PMICs use low battery voltages for energy harvesting from solar, RF and vibration

Two devices have been added to e-peas’ portfolio of advanced power management ICs (PMICs) for energy harvesting applications. The AEM10330 and AEM30330 PMICs have a buck-boost architecture and are designed for lower battery voltages than other solutions on the market, says e-peas.

The ICs can supervise high-speed charging of super capacitors to allow more energy to be made available to the load. The AEM10330 is specifically intended for solar deployments, while the AEM30330 is targeted at RF/vibration-oriented deployments, (including industrial, home automation, asset tracking and aftermarket automotive monitoring systems, as well as retail applications.

Both the AEM10330 and AEM30330 have a low cold-start threshold at which they can begin to draw energy from the surrounding environment. This is now just 275mV/3.0 microW. This is claimed to be unmatched by any device currently available.
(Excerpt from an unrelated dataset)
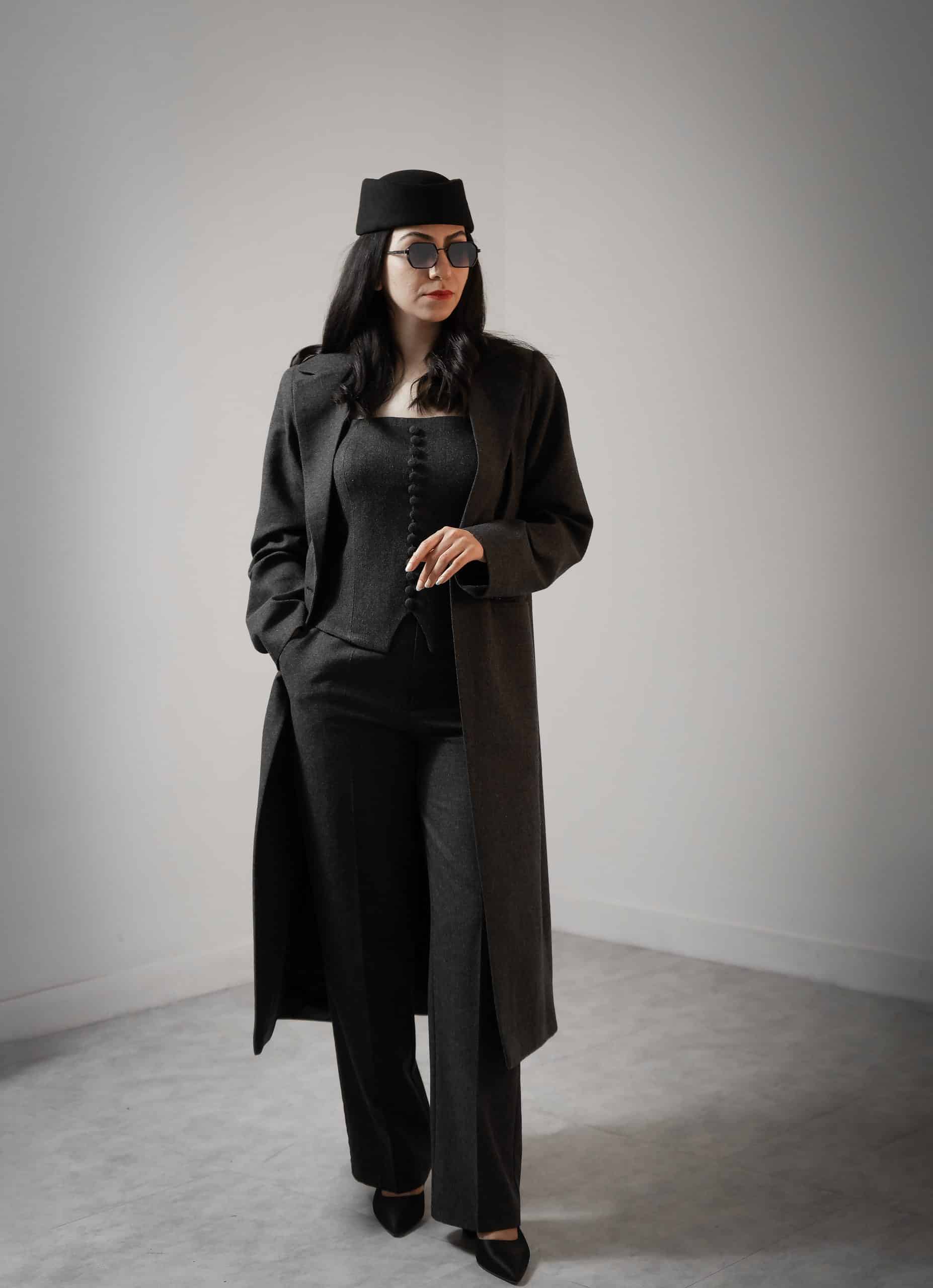 نیم‌تنهٔ لنا با پارچه کشمیر ایتالیایی تولید شده است؛ پارچه‌ای سبک، نرم و خوش‌ لمس. طراحی این نیم‌تنه بر پایه سادگی و ظرافت انجام شده است. فرم آن کوتاه و متعادل است. روی بدن سبک می‌نشیند و حس راحتی ایجاد می‌کند. این تکه برای استایل‌های روزمره، نیمه‌رسمی و حتی مهمانی‌های کم‌جزئیات مناسب است.

The PMICs can deliver up to 60mA, to rapidly charge storage elements. By leveraging the fully configurable maximum power point tracking (MPPT) function, the AEM10330 and AEM30330 can continuously monitor and regulate the input with a fast  refresh rate of 20 milliseconds supported. The extraction efficiency of the system will be kept as high as possible, regardless of variations in the input from the source, says e-peas.

Adaptive energy management permits these devices to automatically switch between boost, buck-boost and buck operational configurations as appropriate. This ensures that optimal energy transfer is always maintained between the respective inputs and outputs. This single power converter can automatically select between three inputs (the harvester, the storage device or a primary battery) and two outputs (the storage device or the application load). The PMICs are believed to be the only devices available that can directly transfer harvested energy to the load or to the storage element.

The PMICs have a working temperature range of -40 to +125 degrees C. They are supplied in compact 40-pin QFN packages and require only four additional components, which not only reduces the bill of materials but also means the PMIC occupy very little board space.